We see the number of active members also growing. >1% active users as in Wikipedia.
We see the number of different departments and countries growing. More use in Sales and Services for instance.
Usage pattern:
Start to try Yammer,
share some basic stuff,
after some time: start thinking about change info and communication processes in your team, project, department or over departments,
then: try to tie microblogging to business processes.
We also measure business value by asking users live and in Yammer. We ask for soft and hard results (numbers and stories).
Learning points:
- microblogging is easy for most, not for all. Don’t think you don’t have to train (functionality) and explain (concept).
- culture > closed culture, formal barriers between R&D and the rest e.g., communicate openly, management essential in the end for continuation. Make decisions what to share and what not.

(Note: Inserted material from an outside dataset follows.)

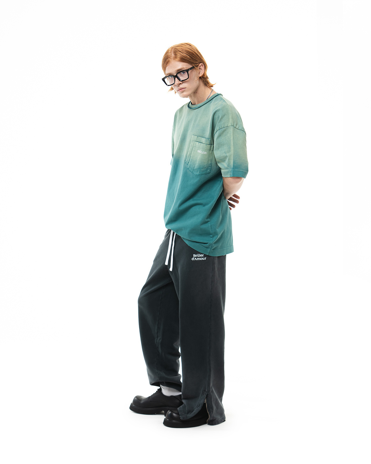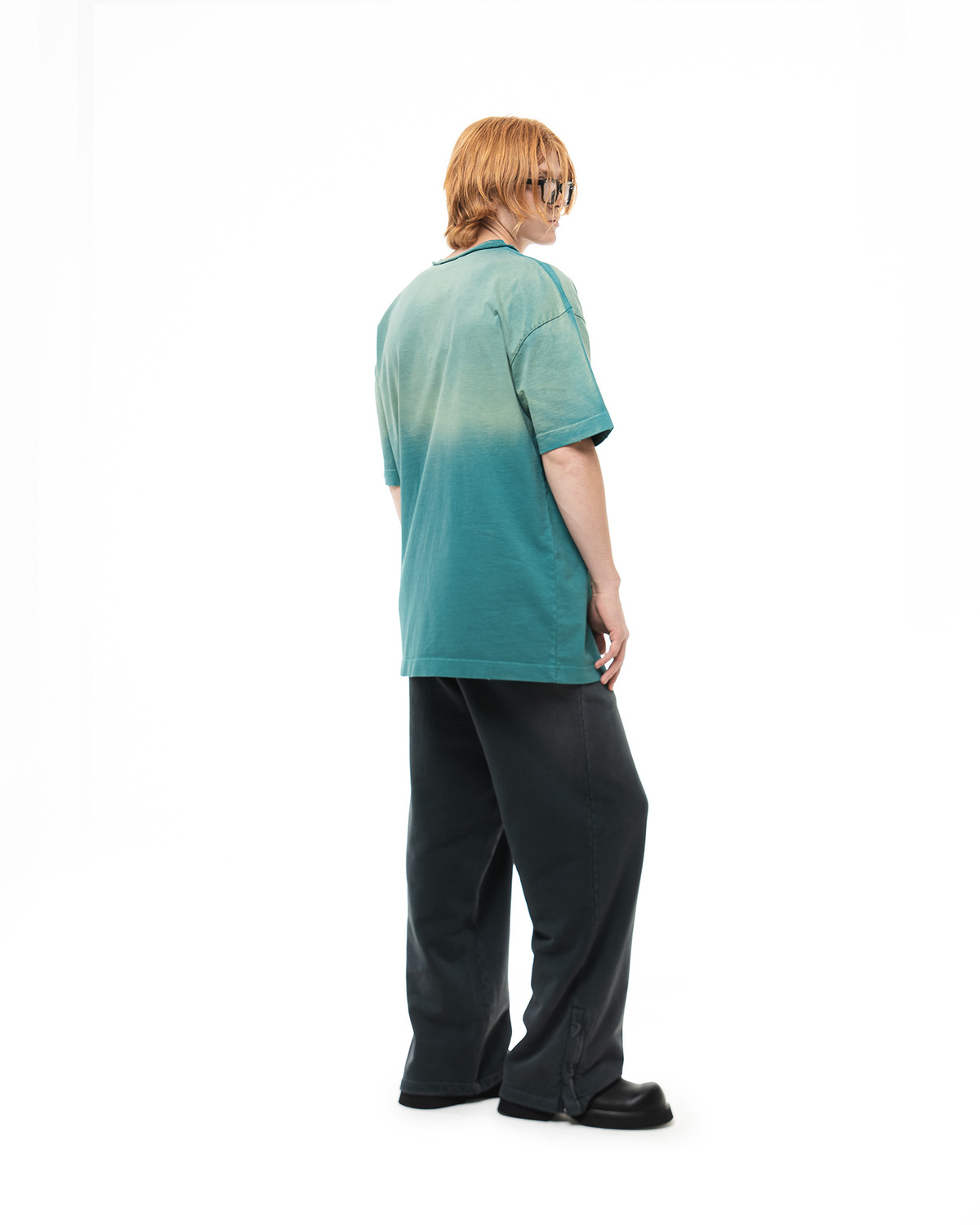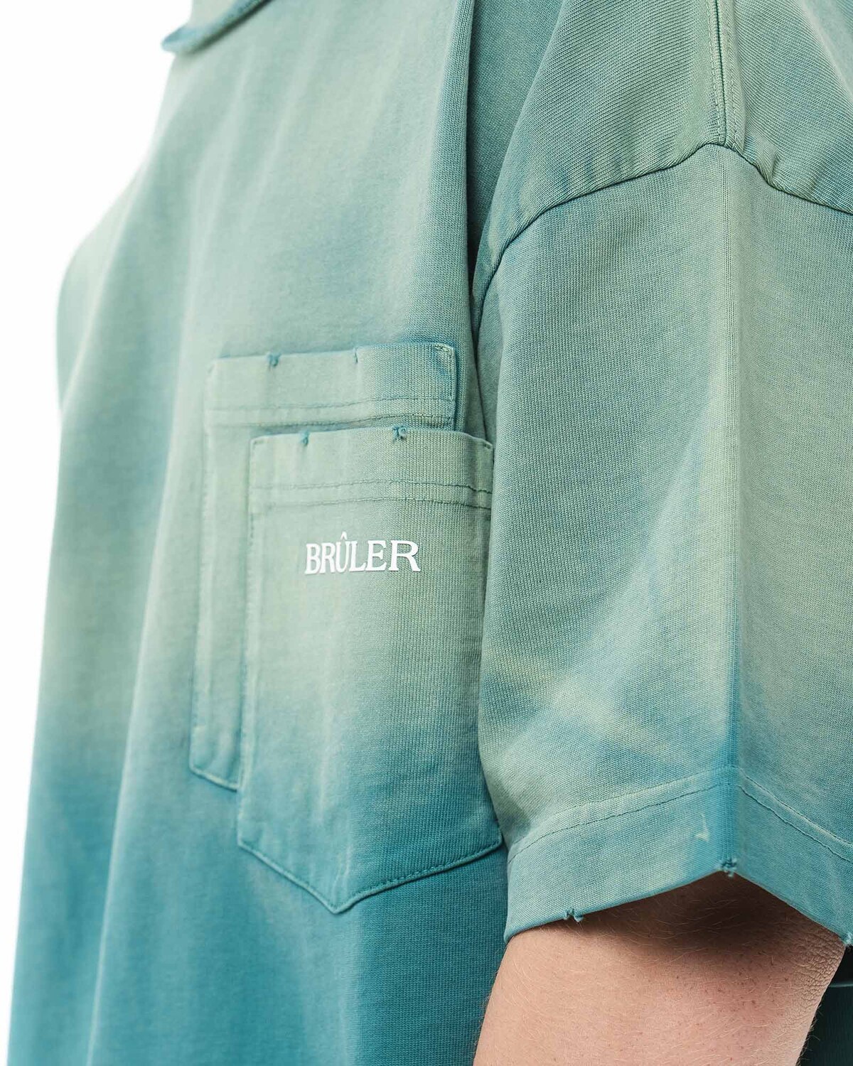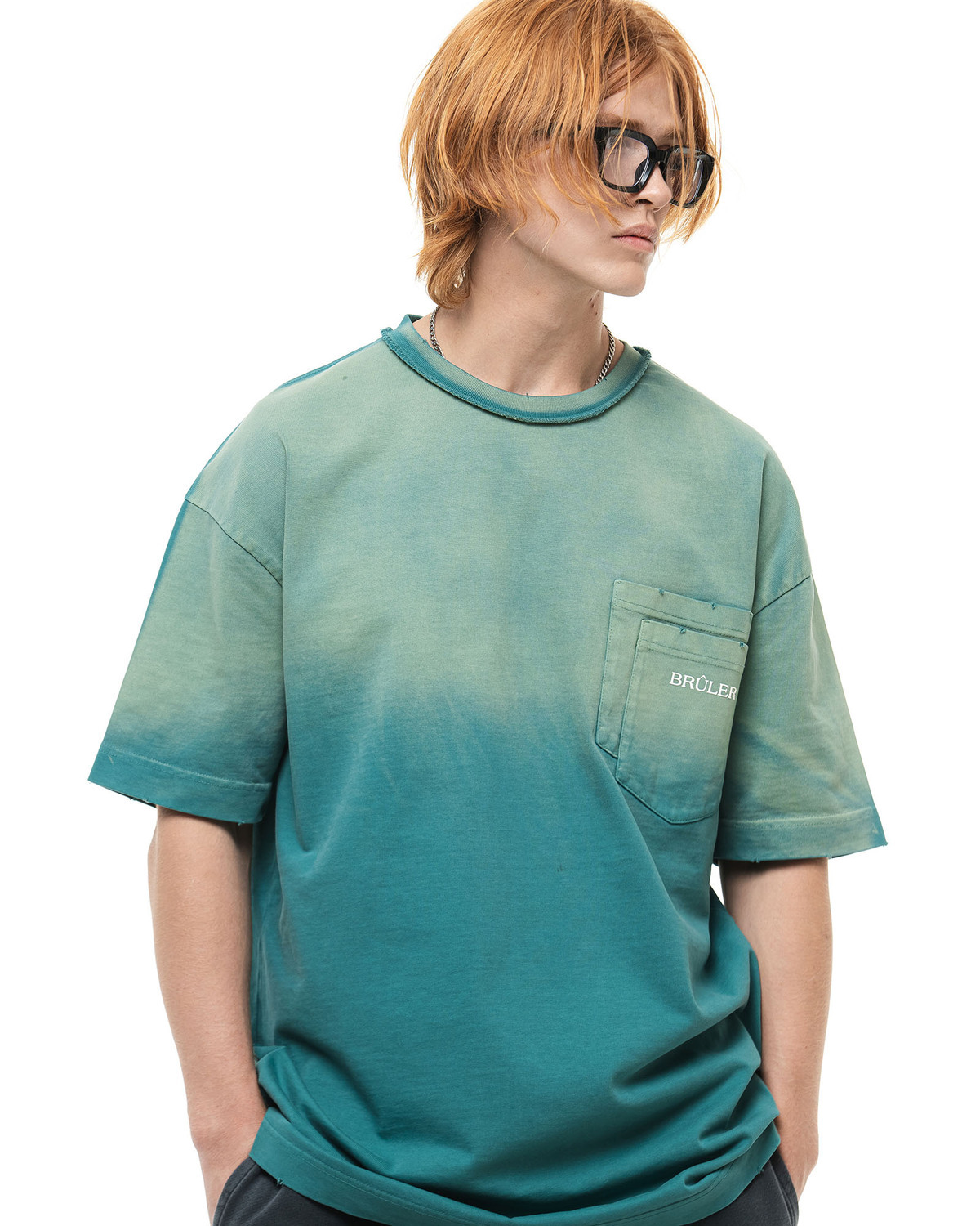 Футболка с градиентом изумрудного цвета и двойным карманом и лого.

- moderation is key > Yammer is a community, moderate it closely, encourage, connect, etc
We see Yammer showing it real value when it connects to the formal business processes. This is the present and the future for us.
We are currently experimenting with Yammer to improve information and communication processes between three of our chemical plants. To improve horizontal and vertical communication. They currently use paper journals. These aren’t shared between teams and plants. And not with management. We want to open this up to speed up the processes within the factories. By the way, this experiment was preceded by a project to work in self-steering teams. Culture change! And this experiment will be done in parallel with a project to improve decision making.
We hope to be able to share our results soon on my blog and/or a next conference/summit. I regret I can’t share results just now yet. As for now, management is very excited to move this way, the team leaders and operators are as well.